== What you are asked to do ==
Carry none of the pictures over; write out the complete data exactly.

== Input ==

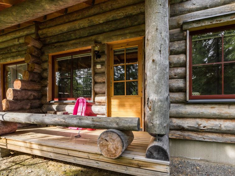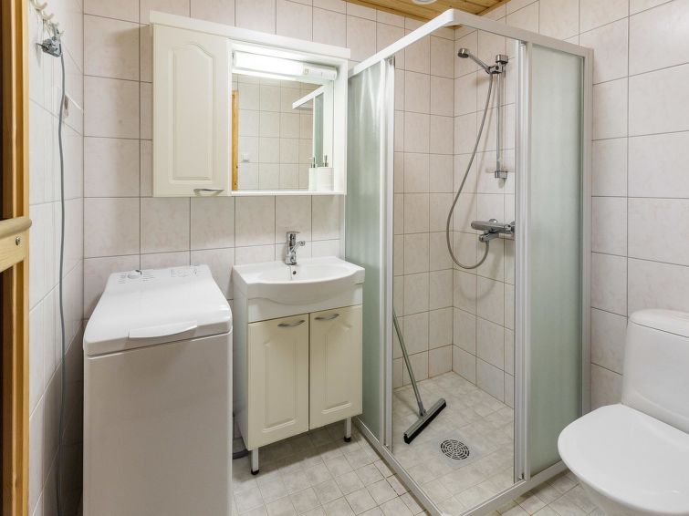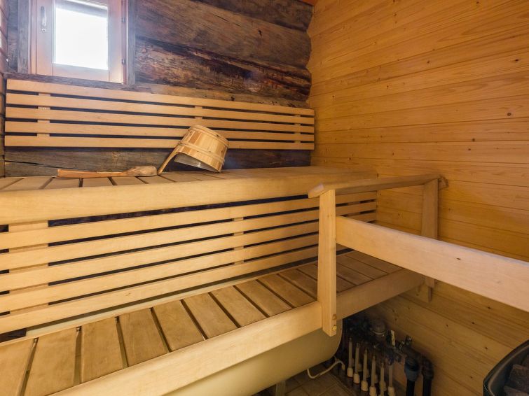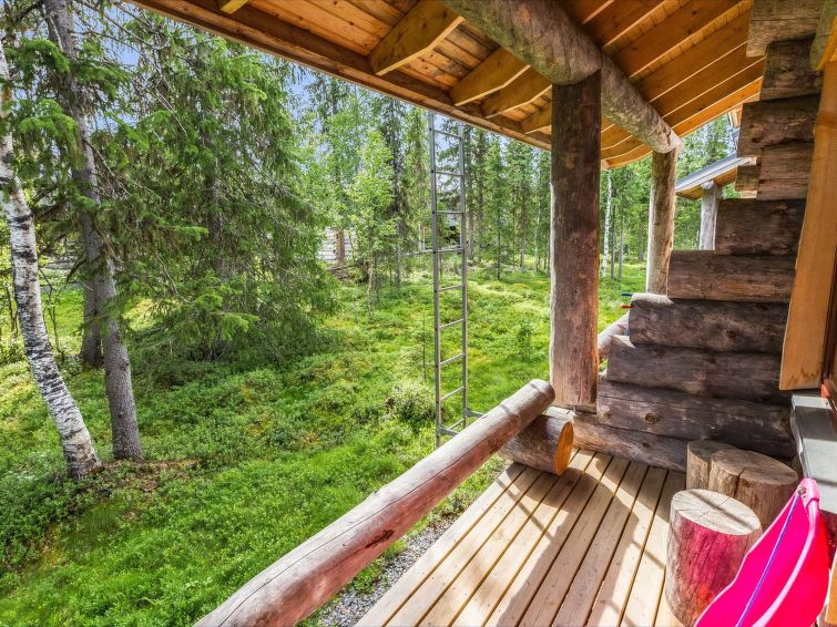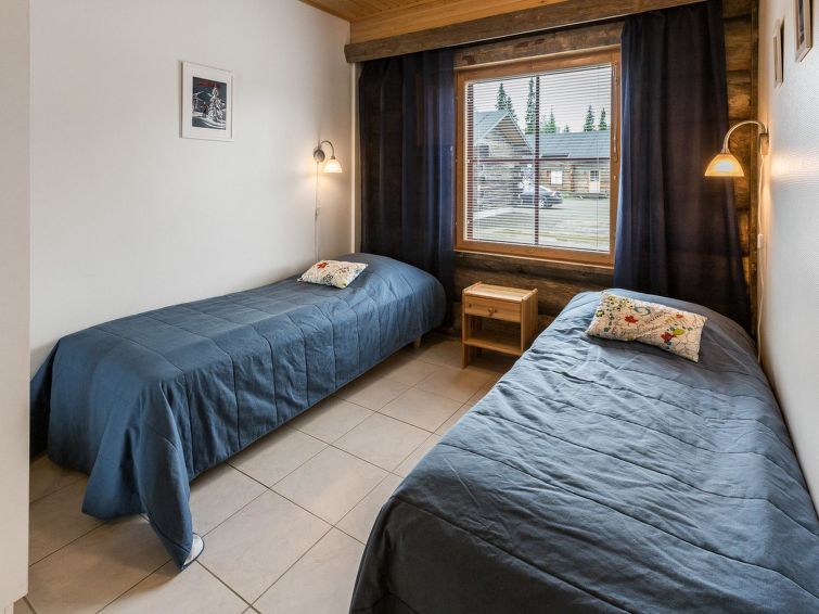 40 km north of Kolari, Lake Äkäslompolojärvi 1 km, swimming shore 2.5 km. Silverlog row house apartment 2008. Area 53 m² of which 11 m² on the loft. Living room/kitchen, 1 bedroom, both with 2 separate beds, in sleeping loft 2 separate beds, in living room/kitchen also convertible sofa/bed, sauna (electric stove), washroom/WC, sleeping loft has separate WC. The apartments share a ski maintenance room in the yard. Well-equipped silverlog row house apartment at Myllylehto in Äkäslompolo village (Myllylehdontie 2 As/apartment C10). Apartment located in quiet, neat cottage area very close to the ski trails. No pets allowed in apartment. Price includes final cleaning, bed linen for rent.
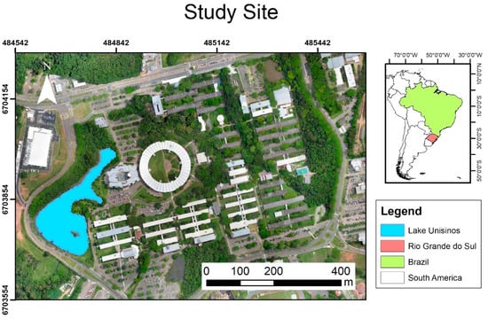 The adopted study site was the lake on the Unisinos University campus, located in the state of Rio Grande do Sul, southern Brazil (Figure 2). The lake is artificial, has an area of approximately 0.025 km² and maximum depth of 4 m. Although small, it is located at the lowest altitude of the campus, and because it is formed from rainwater drainage collected at the university, it contains several inorganic and organic compounds found in the form of suspended solids or organic matter from rainwater runoff [18].
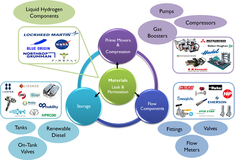 Figure 2: There are three main hydrogen component categories identified, and examples of components and potential customers are provided for each category. Components are made from materials that need to be evaluated for compatibility, leak, and permeation, especially for cryogenic liquid hydrogen in the aerospace industry.
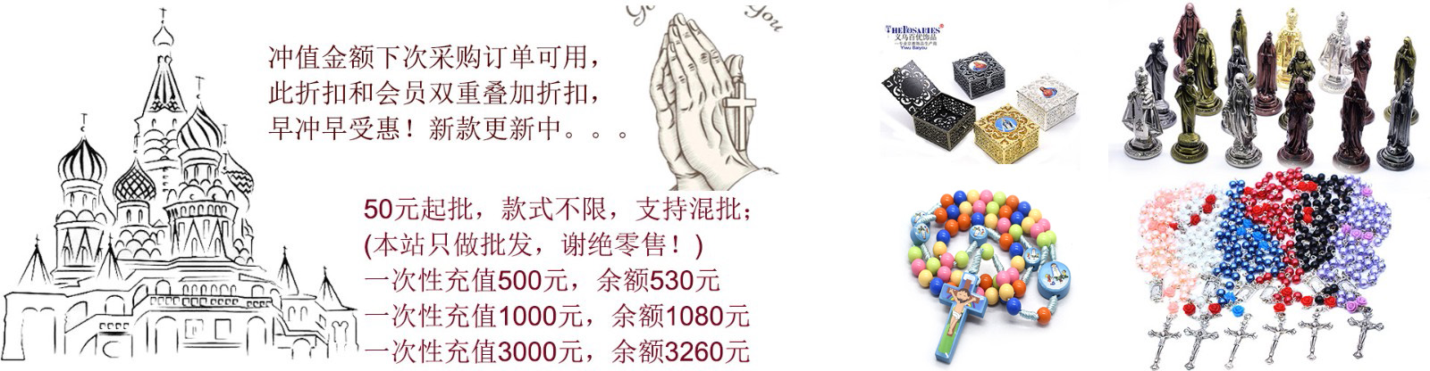 义乌百优饰品有限公司,十几年生产加工经验,手工工人100多号,注塑压铸机激光切割等配套机器。 专业生产念珠项链手链,十字架等文创类饰品,工艺品,为跨境电商外贸公司提供货源。 主要有:计数珠,念珠手链,念珠项链,十字架项链,十字架摆件,合金十字架,木制十字架,塑料十字架圣像摆件,包装盒,圣水瓶,烛台,仪式用品,婚礼,等礼品赠品。 另可承接锌合金新版开模压铸,塑料注塑,手工编制/弯针/挂圈类产品,按客户样品订制的文创类工艺品,外贸文创产品。诚招代理代销客户!
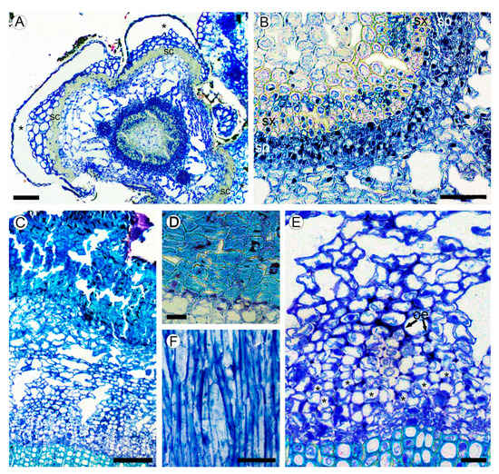 (A,B) Structure of young stem in Aragoa corrugatifolia (LM). (A) Young shoot with prominent leaf bases in the lower portion of fourth elongated internode (TS), vascular cambium with juvenile rings of secondary xylem and secondary phloem, cortical aerenchyma, leaf bases (asterisks) outlined with the bands of sclereids (sc); (B) portion of the ring of secondary conductive tissues shown in Figure 2A (TS), continuous rings of secondary xylem (sx) and secondary phloem (sp). (C–F) Structure of mature bark. (C) Secondary phloem, cortex with aerenchyma, periderm with uniseriate phelloderm, and prominent phellem made of thick-walled cell (TS); (D) Portion of periderm, phellem cells with thick sclerified walls, thin-walled phelloderm cells in one to two layers (TS); (E) portion of secondary phloem and cortical aerenchyma shown in Figure 2C (TS), sieve tubes with companion cells in radial groups (*), obliterated phloem elements (oe), large intercellular spaces in cortex; (F) tangential longitudinal section (TLS) of secondary phloem; strands of phloem axial parenchyma, lack of rays. Scale bars: 100 µm for (A,C), 50 µm for (B,F), 20 µm for (D,E).
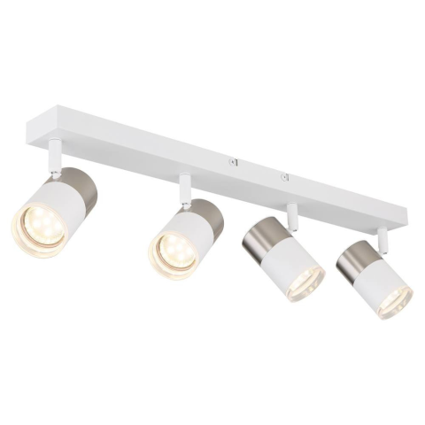 A Brisbon Globo 57851-4 karos spot lámpa négy GU10 foglalattal rendelkezik, így cserélhető fényforrásokkal használható, amelyek nem tartozékai a terméknek. A lámpatest matt fehér színű, anyaga fém, alumínium és műanyag kombinációja, amely modern megjelené
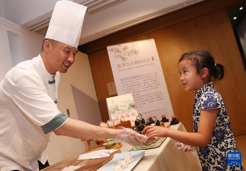 7月11日,在位于法國巴黎的聯(lián)合國教科文組織總部,南京雨花茶傳承人陳盛峰演示制作雨花茶。
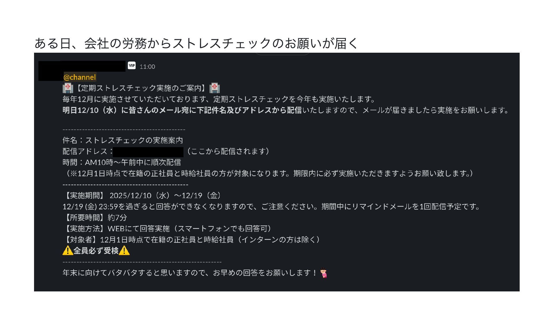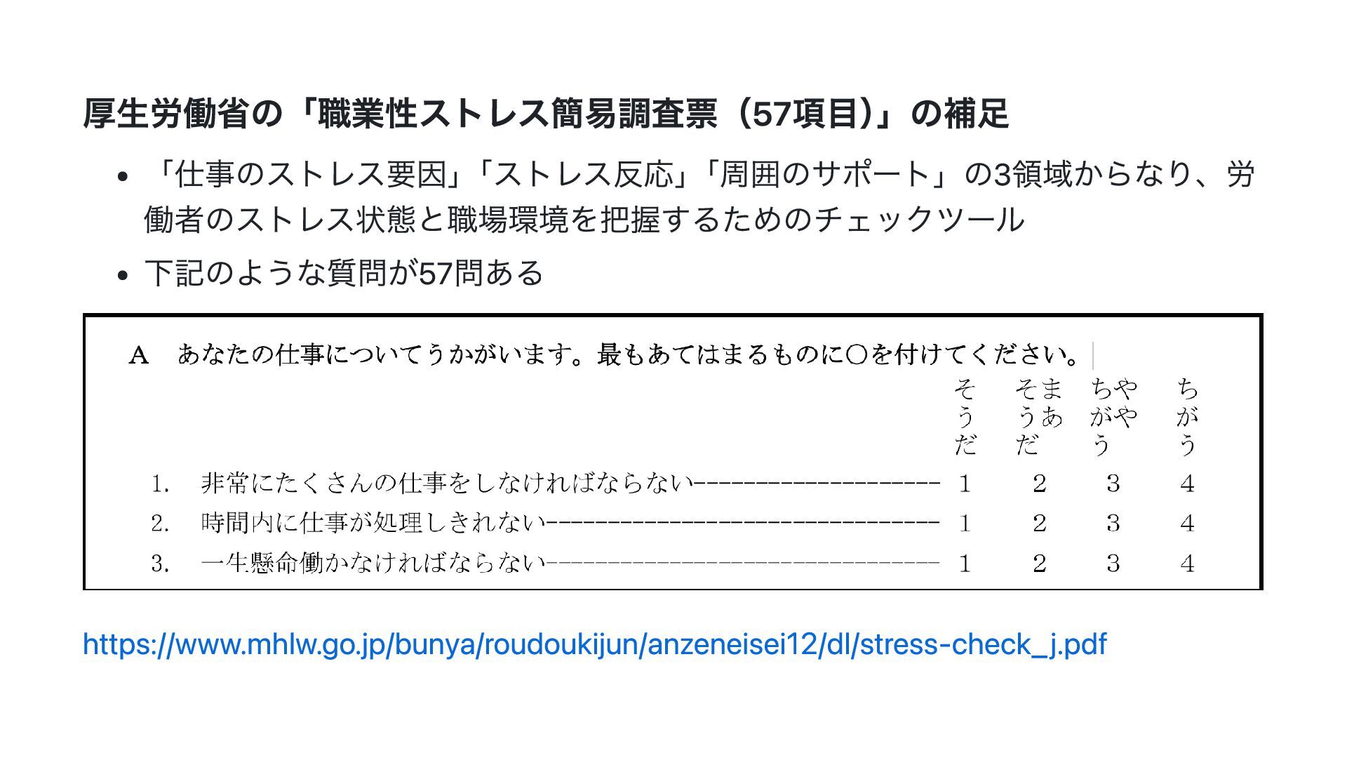 厚生労働省の「職業性ストレス簡易調査票(57項目) 」の補足 「仕事のストレス要因」 「ストレス反応」 「周囲のサポート」の3領域からなり、労 働者のストレス状態と職場環境を把握するためのチェックツール 下記のような質問が57問ある https://www.mhlw.go.jp/bunya/roudoukijun/anzeneisei12/dl/stress-check_j.pdf

== Task answer ==
 40 km north of Kolari, Lake Äkäslompolojärvi 1 km, swimming shore 2.5 km. Silverlog row house apartment 2008. Area 53 m² of which 11 m² on the loft. Living room/kitchen, 1 bedroom, both with 2 separate beds, in sleeping loft 2 separate beds, in living room/kitchen also convertible sofa/bed, sauna (electric stove), washroom/WC, sleeping loft has separate WC. The apartments share a ski maintenance room in the yard. Well-equipped silverlog row house apartment at Myllylehto in Äkäslompolo village (Myllylehdontie 2 As/apartment C10). Apartment located in quiet, neat cottage area very close to the ski trails. No pets allowed in apartment. Price includes final cleaning, bed linen for rent.
 The adopted study site was the lake on the Unisinos University campus, located in the state of Rio Grande do Sul, southern Brazil (Figure 2). The lake is artificial, has an area of approximately 0.025 km² and maximum depth of 4 m. Although small, it is located at the lowest altitude of the campus, and because it is formed from rainwater drainage collected at the university, it contains several inorganic and organic compounds found in the form of suspended solids or organic matter from rainwater runoff [18].
 Figure 2: There are three main hydrogen component categories identified, and examples of components and potential customers are provided for each category. Components are made from materials that need to be evaluated for compatibility, leak, and permeation, especially for cryogenic liquid hydrogen in the aerospace industry.
 义乌百优饰品有限公司,十几年生产加工经验,手工工人100多号,注塑压铸机激光切割等配套机器。 专业生产念珠项链手链,十字架等文创类饰品,工艺品,为跨境电商外贸公司提供货源。 主要有:计数珠,念珠手链,念珠项链,十字架项链,十字架摆件,合金十字架,木制十字架,塑料十字架圣像摆件,包装盒,圣水瓶,烛台,仪式用品,婚礼,等礼品赠品。 另可承接锌合金新版开模压铸,塑料注塑,手工编制/弯针/挂圈类产品,按客户样品订制的文创类工艺品,外贸文创产品。诚招代理代销客户!
 (A,B) Structure of young stem in Aragoa corrugatifolia (LM). (A) Young shoot with prominent leaf bases in the lower portion of fourth elongated internode (TS), vascular cambium with juvenile rings of secondary xylem and secondary phloem, cortical aerenchyma, leaf bases (asterisks) outlined with the bands of sclereids (sc); (B) portion of the ring of secondary conductive tissues shown in Figure 2A (TS), continuous rings of secondary xylem (sx) and secondary phloem (sp). (C–F) Structure of mature bark. (C) Secondary phloem, cortex with aerenchyma, periderm with uniseriate phelloderm, and prominent phellem made of thick-walled cell (TS); (D) Portion of periderm, phellem cells with thick sclerified walls, thin-walled phelloderm cells in one to two layers (TS); (E) portion of secondary phloem and cortical aerenchyma shown in Figure 2C (TS), sieve tubes with companion cells in radial groups (*), obliterated phloem elements (oe), large intercellular spaces in cortex; (F) tangential longitudinal section (TLS) of secondary phloem; strands of phloem axial parenchyma, lack of rays. Scale bars: 100 µm for (A,C), 50 µm for (B,F), 20 µm for (D,E).
 A Brisbon Globo 57851-4 karos spot lámpa négy GU10 foglalattal rendelkezik, így cserélhető fényforrásokkal használható, amelyek nem tartozékai a terméknek. A lámpatest matt fehér színű, anyaga fém, alumínium és műanyag kombinációja, amely modern megjelené
 7月11日,在位于法國巴黎的聯(lián)合國教科文組織總部,南京雨花茶傳承人陳盛峰演示制作雨花茶。
 厚生労働省の「職業性ストレス簡易調査票(57項目) 」の補足 「仕事のストレス要因」 「ストレス反応」 「周囲のサポート」の3領域からなり、労 働者のストレス状態と職場環境を把握するためのチェックツール 下記のような質問が57問ある https://www.mhlw.go.jp/bunya/roudoukijun/anzeneisei12/dl/stress-check_j.pdf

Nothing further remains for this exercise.